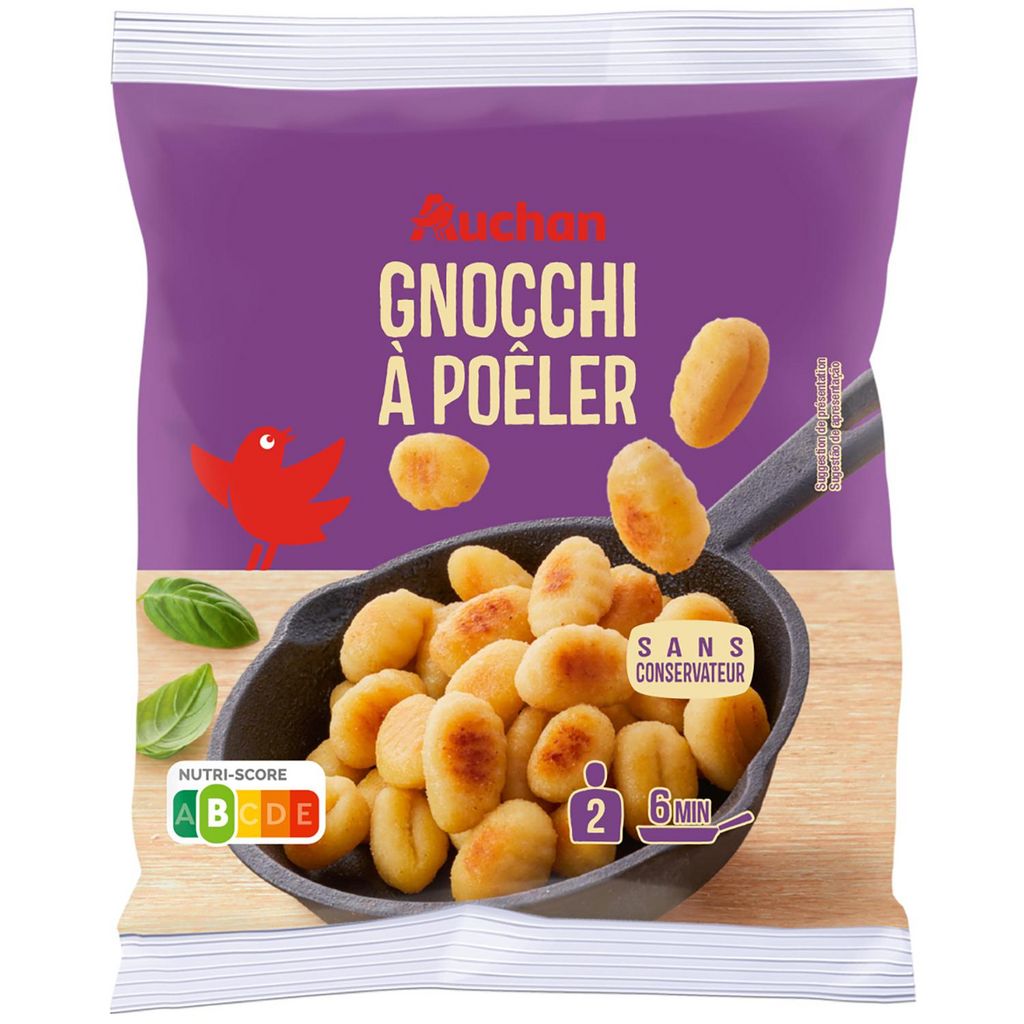 à la poêle:Faire revenir les gnocchi dans une poêle anti-adhésive avec une noix de beurre. Saisir les gnocchi pendant 2 minutes. Couvrir, laisser cuire et dorer à feu moyen pendant 4 minutes en les remuant de temps en temps. Servir rapidement les gnocchi afin de garder tout leur croustillant.
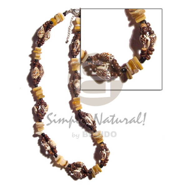 35mm carved blacklip shell brass wire,buri seed,brownlip heishe and square cut in wax cord..
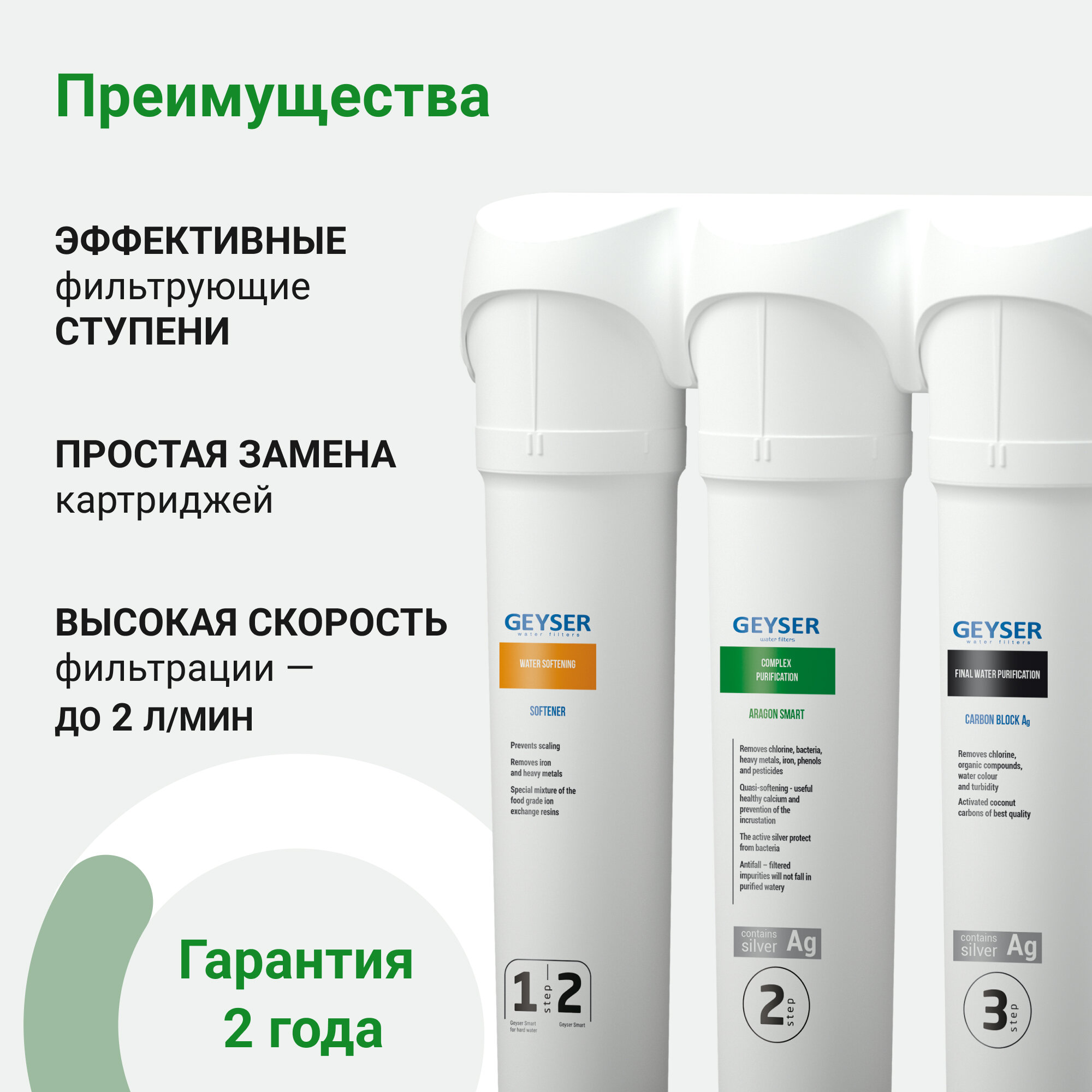 Фильтр для воды Гейзер Смарт Био 521 для жесткой воды с быстросъемными модулями 11056 информация:
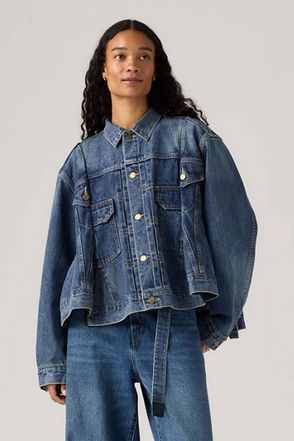 This jacket is made from heavyweight denim with contrast stitching for a raw denim look. An A-line fit, it has metal buttons at the front and a mix of functional pockets.
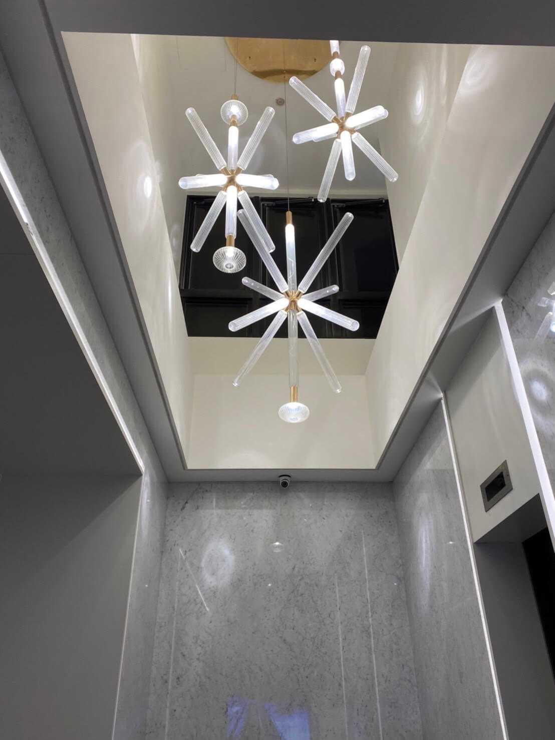 極簡白派空間,搭配輕奢風格燈具,完全無違和。
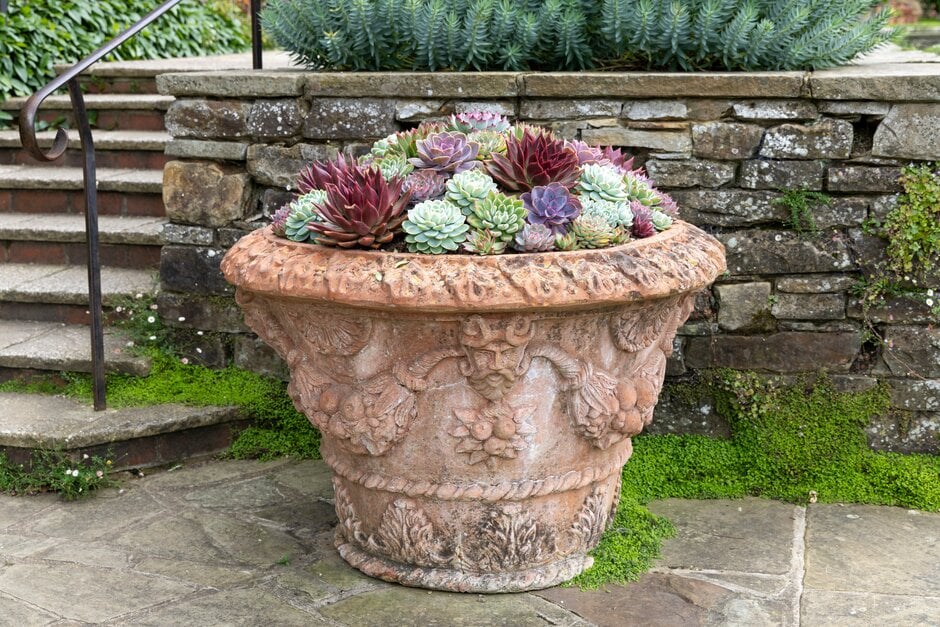 Drought tolerant:Aeonium 'Zwartkop', Echeveria, Mesembryanthemum, sedum.

**TASK OBJECTIVE:** With the pictures left out, output exactly the lines from the one with "Фильтр для воды" through the end of the listing above, both ends included.

**SOLUTION TO THIS EXERCISE:**
 Фильтр для воды Гейзер Смарт Био 521 для жесткой воды с быстросъемными модулями 11056 информация:
 This jacket is made from heavyweight denim with contrast stitching for a raw denim look. An A-line fit, it has metal buttons at the front and a mix of functional pockets.
 極簡白派空間,搭配輕奢風格燈具,完全無違和。
 Drought tolerant:Aeonium 'Zwartkop', Echeveria, Mesembryanthemum, sedum.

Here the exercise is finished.